NFL Concussion Protocol Violated… AgainJanuary 11, 2018
It has been pretty well-documented throughout this season that the league’s concussion protocol is a joke. It is a paper-thin front that the NFL puts on to limit the growing criticism of the game’s safety. The “protocol” dictates that if the unbiased medical staff suspects that a player might have suffered a concussion, that player must be evaluated in the locker room. As a fan watching the game on TV, even I am able to recognize that any kind of staggering or sluggishness after a blow to the head is reason enough to take that player off the field and evaluate him. But time and time again this season, the protocol is treated like a 65 mph speed limit on a highway. Great in theory, good intentions behind it, but very few people actually follow it. Matt Moore, Case Keenum, Jacoby Brissett, Russell Wilson, Tom Savage, and just recently Cam Newton all prove how teams are skirting around the rules to keep their guy in the game.
In the Carolina game last weekend, I remember watching the hit on Newton and him falling woozily to the ground on his way off the field. Right there I said to myself, if he comes back in this game I’ll lose any respect I had left for the concussion protocol. Sure enough, Cam was back out there for the next drive without a trip to the locker room (just the “medical tent”, which happens to be right next to all the on-field action). Important playoff game, close score, the natural competitiveness of the athletes – it is a recipe for disaster in regards to following protocol.

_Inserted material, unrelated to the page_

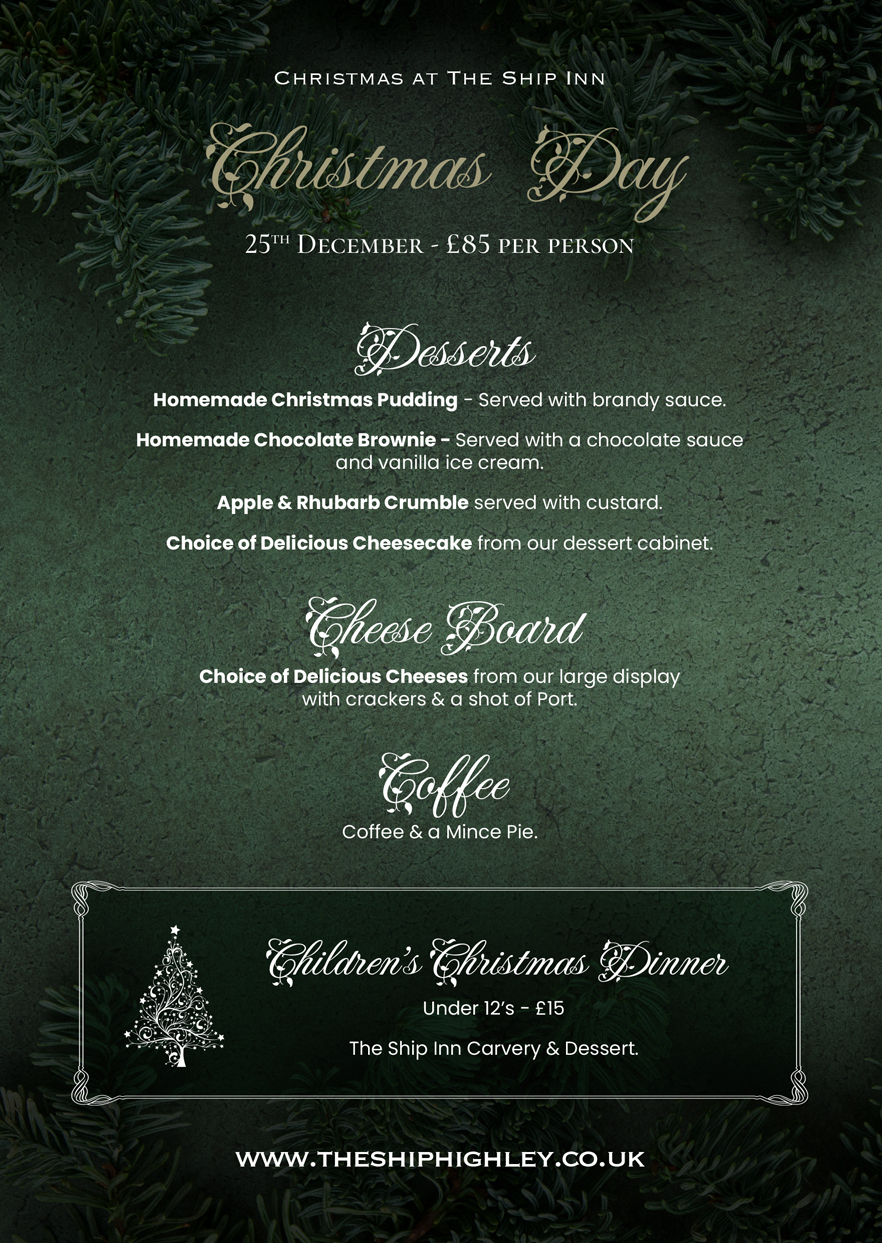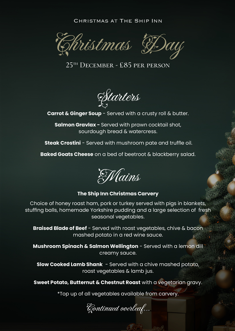 Join us for our traditional Ship Inn Carvery - generous portions, freshly roasted meats, and all your favourite trimmings with a choice of delicious desserts.

Unfortunately, I absolutely understand it. As a fan in that scenario, I want to see my quarterback coming back out there and giving my team the best chance to win. The NFL obviously wants the superstars to be on the field in a playoff game rather than following a “precautionary protocol”, although they would never publicly admit to that. The player usually wants to go back onto the field too – shake it off, be tough, sacrifice for your team. Medical consequences that don’t come into fruition until thirty or forty years down the road are secondary in importance. It is all understandable. Football is violent sport, but that is one of the reasons why it draws us fans in. We want to be entertained, and frankly that sometimes is more important to us than the player’s health. It is the NFL’s moral job, however, to make sure that the players are safe and not knowingly sending them back out onto the field into harm’s way.
My main issue is that the NFL is making this artificial idea that they care first and foremost about the players’ health. If that was the case, the concussion protocol would actually have weight to it. However, it is tossed around and disregarded repeatedly. If the NFL is going to have a standardized procedure for spotting and diagnosing head injuries, it should be followed the same way no matter how big the game is. That means that Cam Newton should have gone into the locker room to be evaluated in that Wild Card game versus the Saints. There should be major adjustments made this offseason in regards to the protocol. Whether it is harsher penalties or more power given to the medical staff, something should be done to legitimize this extremely important, potentially life-saving rule.